Start of Provided material
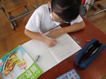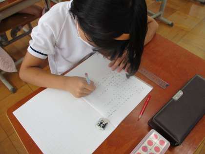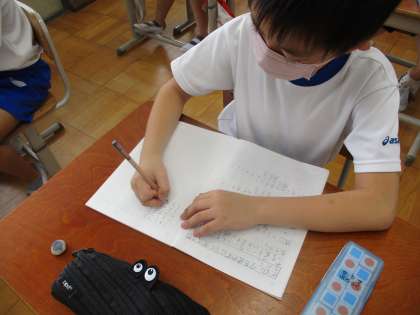 自分の考えを図や言葉を使ってノートにかいている様子です。
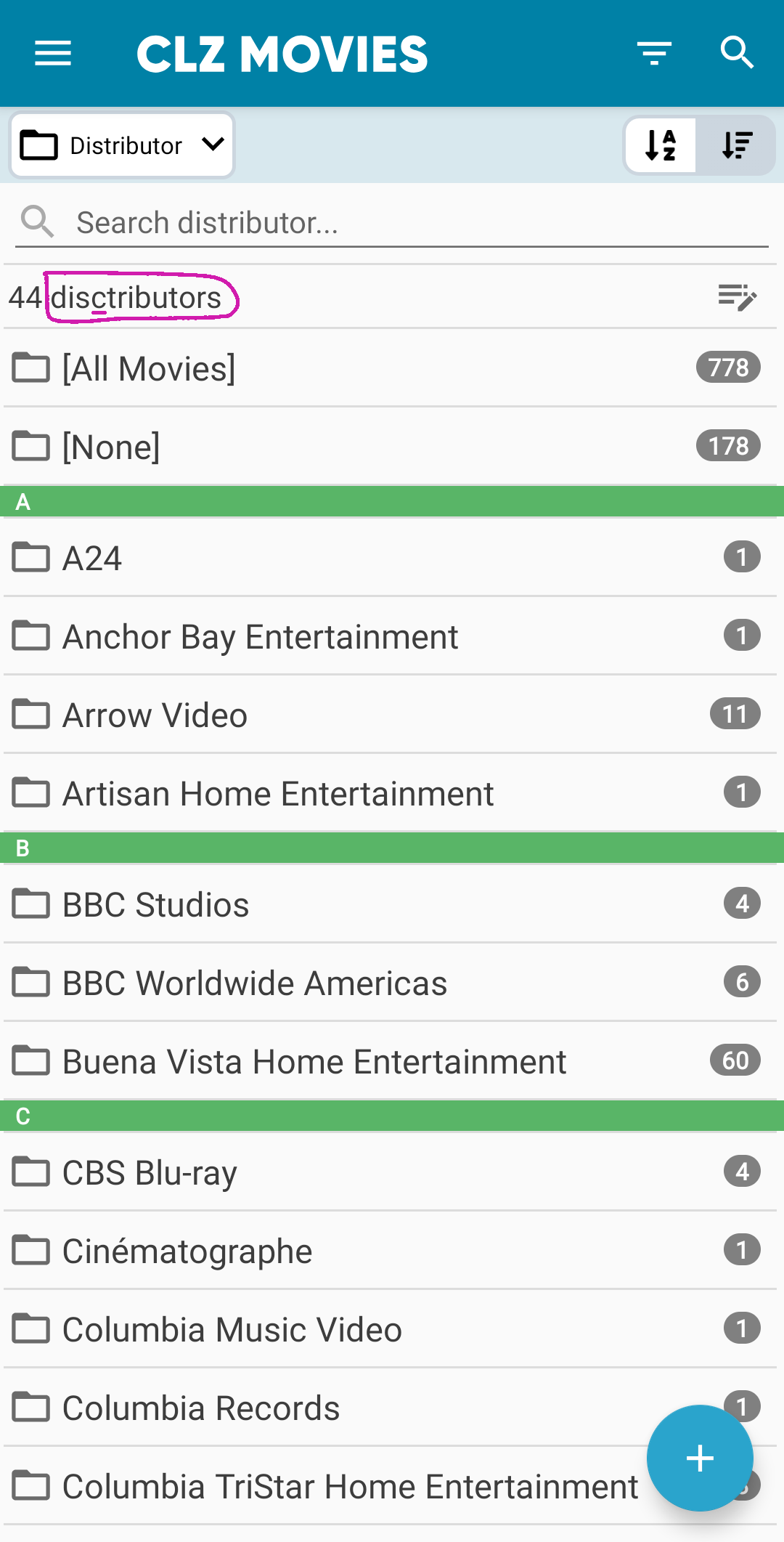 Hi there, just notifying the CLZ team of a couple of spelling errors — or rather, two instances of the same error — in the CLZ Movies mobile app. I was viewing my library by distributor, and I noticed that in a couple of places, that word is misspelled “disctributors.” (I’m on Android, by the way.)
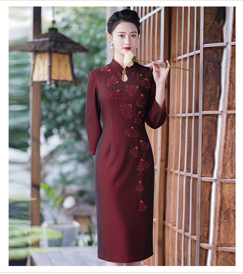 MLY复古风婚礼宴会旗袍喜婆婆中长过膝裙
End of Provided material
:: Aim of the task ::
Take the preceding listing and transcribe it exactly, skipping the pictures.

:: Completed exercise ::
 自分の考えを図や言葉を使ってノートにかいている様子です。
 Hi there, just notifying the CLZ team of a couple of spelling errors — or rather, two instances of the same error — in the CLZ Movies mobile app. I was viewing my library by distributor, and I noticed that in a couple of places, that word is misspelled “disctributors.” (I’m on Android, by the way.)
 MLY复古风婚礼宴会旗袍喜婆婆中长过膝裙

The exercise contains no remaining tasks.